The angle between the lines whose direction cosines are given by the equations \( 3l + m + 5n = 0 \) and \( 6m - 2n + 5l = 0 \) is:

• A. \( \cos^{-1} \left( \frac{1}{6} \right) \)
• B. \( \cos^{-1} \left( -\frac{1}{6} \right) \)
• C. \( \cos^{-1} \left( \frac{2}{3} \right) \)
• D. \( \cos^{-1} \left( -\frac{5}{6} \right) \)

Hint:

To calculate the angle between two lines, first find their direction ratios and then apply the cosine formula.

Answer 1

The Correct Option is B

The given equations for direction cosines are: \[ 3l + m + 5n = 0 \quad {and} \quad 6m - 2n + 5l = 0 \] From the given, we need to find the angle \( \theta \) between the two lines.
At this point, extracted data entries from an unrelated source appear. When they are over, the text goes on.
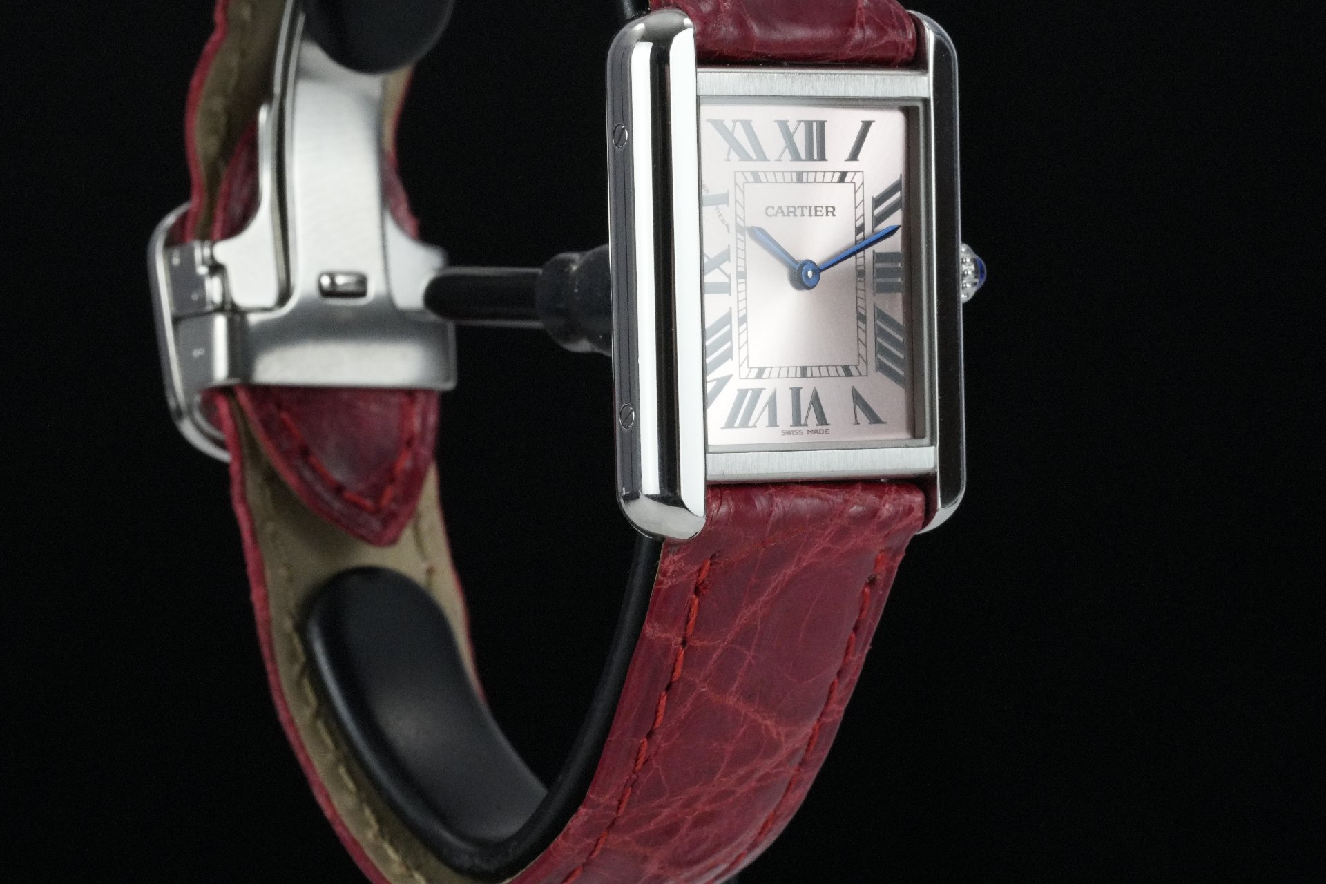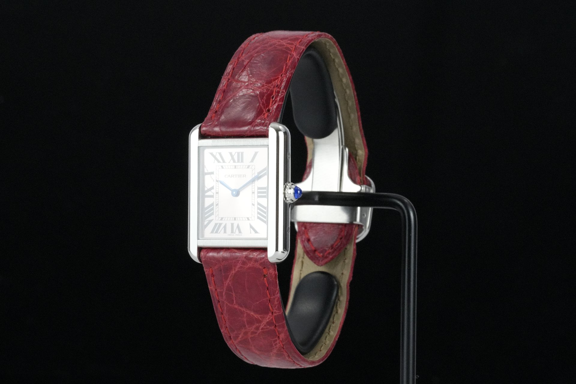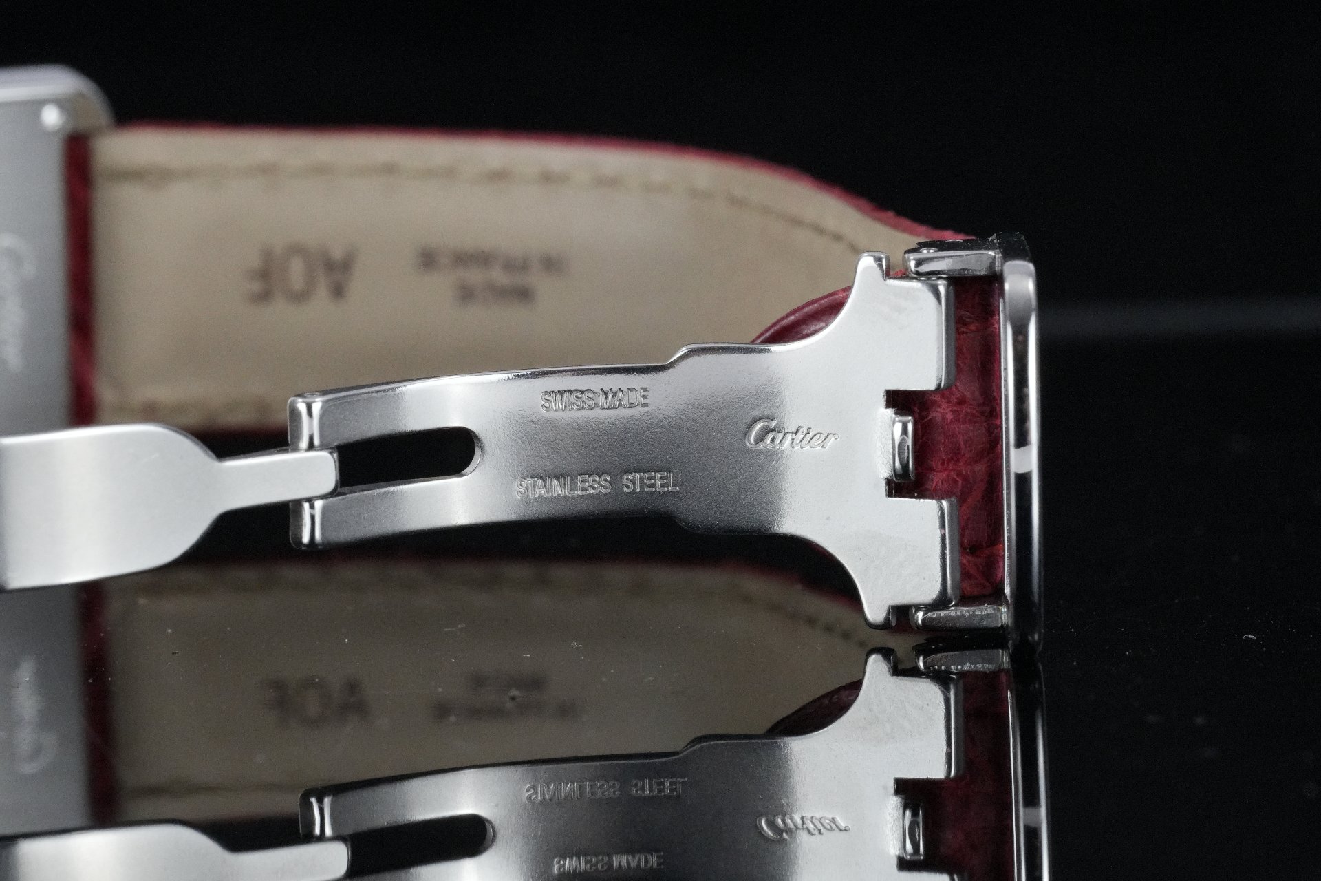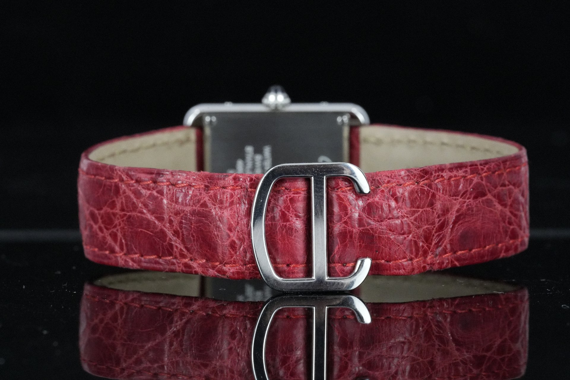 Découvrez l’élégance intemporelle de la Cartier Tank Solo, référence commerciale 3170 (TOT-01803). Cette montre femme, au design raffiné, est animée par un mouvement à Quartz précis. Son boîtier en acier de 24x31mm de diamètre et 5.5mm d’épaisseur abrite un cadran épuré. Elle est sublimée par son bracelet en cuir rouge original et sa boucle déployante d’origine. Étanche jusqu’à 3 ATM, cette pièce est livrée seule. En très bon état, elle est accompagnée d’une garantie de 12 mois.
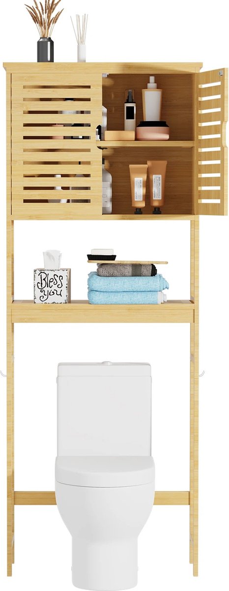 Whoopr Bamboe Toiletopbergkast Vrijstaand WC-meubel 99x32 cm
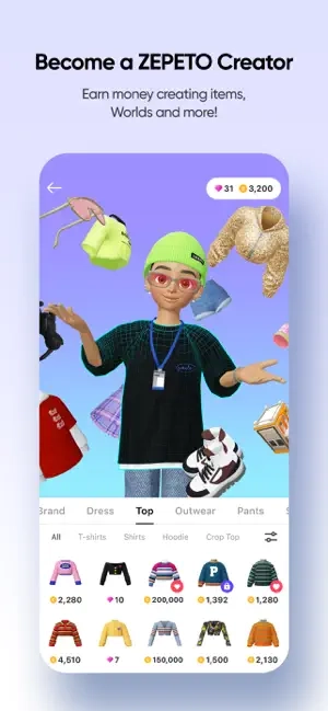 Zepeto国际版的亮点之一是允许玩家创建一个可爱的3D人物。玩家可以通过拍照让Zepeto识别面部特征,然后进行捏脸,即针对面部进行精细打磨,包括眉毛、眼睛、鼻子、嘴巴等细节。此外,玩家还可以为角色选择不同的衣物和房间装饰,进一步个性化他们的虚拟空间。
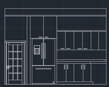 render the inside of this kitchen rendering using a clean modern natural color pallete like dark wood for the cabinets and white tile blackslash
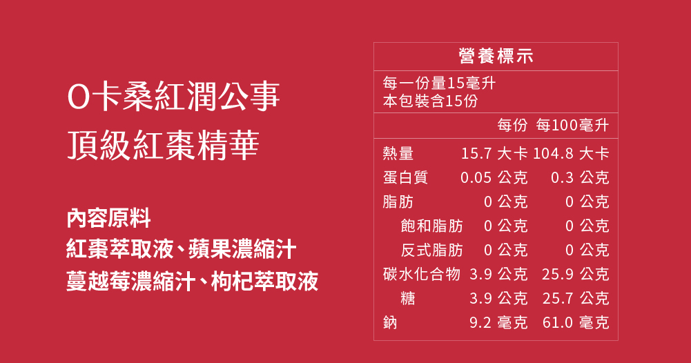 -【紅潤公事_頂級紅棗精華】- 每一份量15毫升,本包裝含15份 -每份- 熱量:15.7大卡 蛋白質:0.05公克 脂肪:0公克 飽和脂肪:0公克 反式脂肪:0公克 碳水化合物:3.9公克 糖:3.9公克 鈉:9.2毫克 -每100毫升- 熱量:104.8大卡 蛋白質:0.3公克 脂肪:0公克 飽和脂肪:0.公克 反式脂肪:0公克 碳水化合物:25.9公克 糖:25.7公克 鈉:61毫克 -【透亮公事_冰晶番茄精華(體驗組(2包)】- 每一份量15毫升,本包裝含2份 -每份- 熱量:8.5大卡 蛋白質:0.03公克 脂肪:0公克 飽和脂肪:0公克 反式脂肪:0公克 碳水化合物:2.1公克 糖:1.8公克 鈉:9.6毫克 -每100毫升- 熱量:56.4大卡 蛋白質:0.2公克 脂肪:0公克 飽和脂肪:0.公克 反式脂肪:0公克 碳水化合物:13.9公克 糖:12.3公克 鈉:64毫克
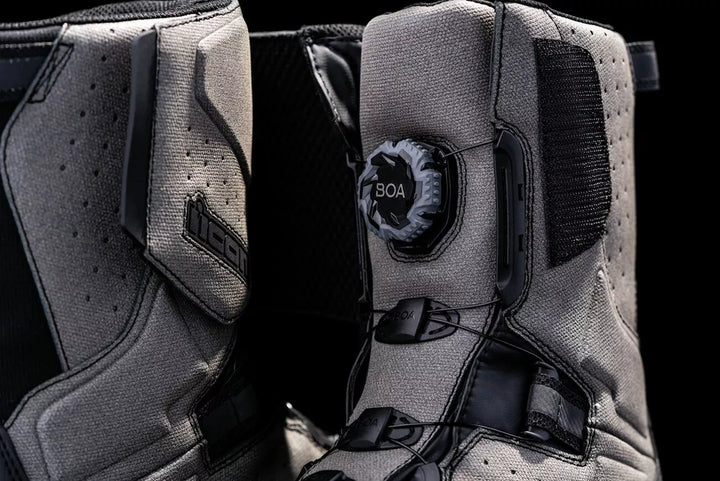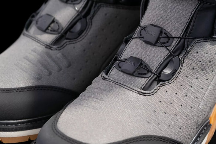 Upper is Comprised of TechTuff Leather, Reinforced Shin Plate Provides Cover for the Boa Lacing System for Optimized Fit, Event Waterproof/Breathable Liner Keeps The Interior Dry While D3o Ankle Inserts Provide Increased Shade CoveRed Construal Is A Combined Foam Cushioning, and an Oil & Slip Resistant Rubber Bottom Unit
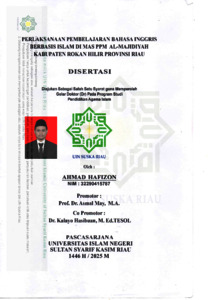 Ahmad Hafizon, - (2025) Implementation of English Learning Based on Islam at MAS PPM Al-Majidiyah Rokan Hilir Regency, Riau Province. Disertasi thesis, UNIVERSITAS ISLAM NEGERI SULTAN SYARIF KASIM RIAU.

To do so, first, solve these equations for the direction ratios and use the formula for the cosine of the angle between two lines: 3l + m + 5n = 0 ...(i)
and 6mn − 2nl + 5lm = 0 ...(ii)
From (i), we have m = − 3l − 5n.
Putting m = − 3l − 5n in (ii),
we get 6(−3l − 5n)n − 2nl + 5l(−3l − 5n) = 0
⇒ (n + l)(2n + l) = 0
⇒ either l = −n or l = −2n.
If l = − n, then putting l = −n in (i), we obtain m = − 2n.
If l = − 2n, then putting l = − 2n in (i), we obtain m = n.
Thus, the direction ratios of two lines are −n, − 2n,
n and −2n,n,n i.e., 1,2,−1 and −2,1,1.
Hence, the direction cosines are
\[ \cos \theta = \frac{l_1 l_2 + m_1 m_2 + n_1 n_2}{\sqrt{l_1^2 + m_1^2 + n_1^2} \cdot \sqrt{l_2^2 + m_2^2 + n_2^2}} \] After solving the system of equations and simplifying, the angle between the lines is given by: \[ \cos \theta = \cos^{-1} \left( -\frac{1}{6} \right) \]